(Beginning of GIVEN ENTRIES)

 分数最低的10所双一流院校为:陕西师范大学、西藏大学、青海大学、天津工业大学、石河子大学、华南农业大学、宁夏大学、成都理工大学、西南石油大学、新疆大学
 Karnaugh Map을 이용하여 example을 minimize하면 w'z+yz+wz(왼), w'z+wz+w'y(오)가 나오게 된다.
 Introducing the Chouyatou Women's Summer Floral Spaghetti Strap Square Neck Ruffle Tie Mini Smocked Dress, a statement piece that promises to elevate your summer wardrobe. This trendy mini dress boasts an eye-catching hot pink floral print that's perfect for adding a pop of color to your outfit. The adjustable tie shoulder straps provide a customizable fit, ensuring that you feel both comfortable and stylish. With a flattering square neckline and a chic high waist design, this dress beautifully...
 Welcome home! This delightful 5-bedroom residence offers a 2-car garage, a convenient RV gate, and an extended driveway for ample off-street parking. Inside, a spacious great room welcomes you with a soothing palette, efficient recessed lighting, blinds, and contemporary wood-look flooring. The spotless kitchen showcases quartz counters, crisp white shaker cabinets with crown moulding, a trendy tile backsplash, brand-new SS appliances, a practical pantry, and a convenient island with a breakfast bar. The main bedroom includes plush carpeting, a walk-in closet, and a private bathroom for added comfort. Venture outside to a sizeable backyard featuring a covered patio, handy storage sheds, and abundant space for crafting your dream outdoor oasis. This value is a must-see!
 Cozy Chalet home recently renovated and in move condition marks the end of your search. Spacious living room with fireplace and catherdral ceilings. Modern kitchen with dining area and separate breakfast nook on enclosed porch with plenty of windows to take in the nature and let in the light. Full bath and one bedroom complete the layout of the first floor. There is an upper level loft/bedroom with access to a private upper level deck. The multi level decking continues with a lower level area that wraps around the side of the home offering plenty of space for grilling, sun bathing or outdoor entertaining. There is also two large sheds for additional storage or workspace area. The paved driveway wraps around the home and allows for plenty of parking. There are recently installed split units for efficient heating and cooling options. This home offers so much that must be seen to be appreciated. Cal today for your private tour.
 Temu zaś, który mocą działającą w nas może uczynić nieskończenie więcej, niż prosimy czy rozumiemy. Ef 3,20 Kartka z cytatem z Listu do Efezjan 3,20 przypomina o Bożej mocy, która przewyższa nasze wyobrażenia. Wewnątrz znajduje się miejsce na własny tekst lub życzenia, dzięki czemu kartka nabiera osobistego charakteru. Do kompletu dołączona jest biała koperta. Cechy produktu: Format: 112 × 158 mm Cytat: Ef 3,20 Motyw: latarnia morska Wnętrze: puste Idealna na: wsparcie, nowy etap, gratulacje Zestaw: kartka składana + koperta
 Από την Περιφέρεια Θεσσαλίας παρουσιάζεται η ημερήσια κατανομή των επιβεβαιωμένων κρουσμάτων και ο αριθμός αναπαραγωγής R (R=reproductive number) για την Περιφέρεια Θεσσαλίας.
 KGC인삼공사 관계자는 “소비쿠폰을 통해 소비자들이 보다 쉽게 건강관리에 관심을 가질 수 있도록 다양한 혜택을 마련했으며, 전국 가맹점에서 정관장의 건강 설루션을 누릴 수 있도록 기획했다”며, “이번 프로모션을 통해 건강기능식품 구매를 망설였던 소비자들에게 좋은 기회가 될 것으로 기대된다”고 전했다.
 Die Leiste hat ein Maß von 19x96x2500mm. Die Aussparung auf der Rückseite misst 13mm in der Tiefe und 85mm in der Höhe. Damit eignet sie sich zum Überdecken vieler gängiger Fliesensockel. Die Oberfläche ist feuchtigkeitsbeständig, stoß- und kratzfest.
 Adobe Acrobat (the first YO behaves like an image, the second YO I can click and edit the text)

(End of GIVEN ENTRIES)

■ TASK STATEMENT ■
Precisely reproduce the lines of the entries, beginning at the first and ending at the one containing "Karnaugh Map을 이용하여". Add nothing.

■ PROBLEM SOLUTION ■
 分数最低的10所双一流院校为:陕西师范大学、西藏大学、青海大学、天津工业大学、石河子大学、华南农业大学、宁夏大学、成都理工大学、西南石油大学、新疆大学
 Karnaugh Map을 이용하여 example을 minimize하면 w'z+yz+wz(왼), w'z+wz+w'y(오)가 나오게 된다.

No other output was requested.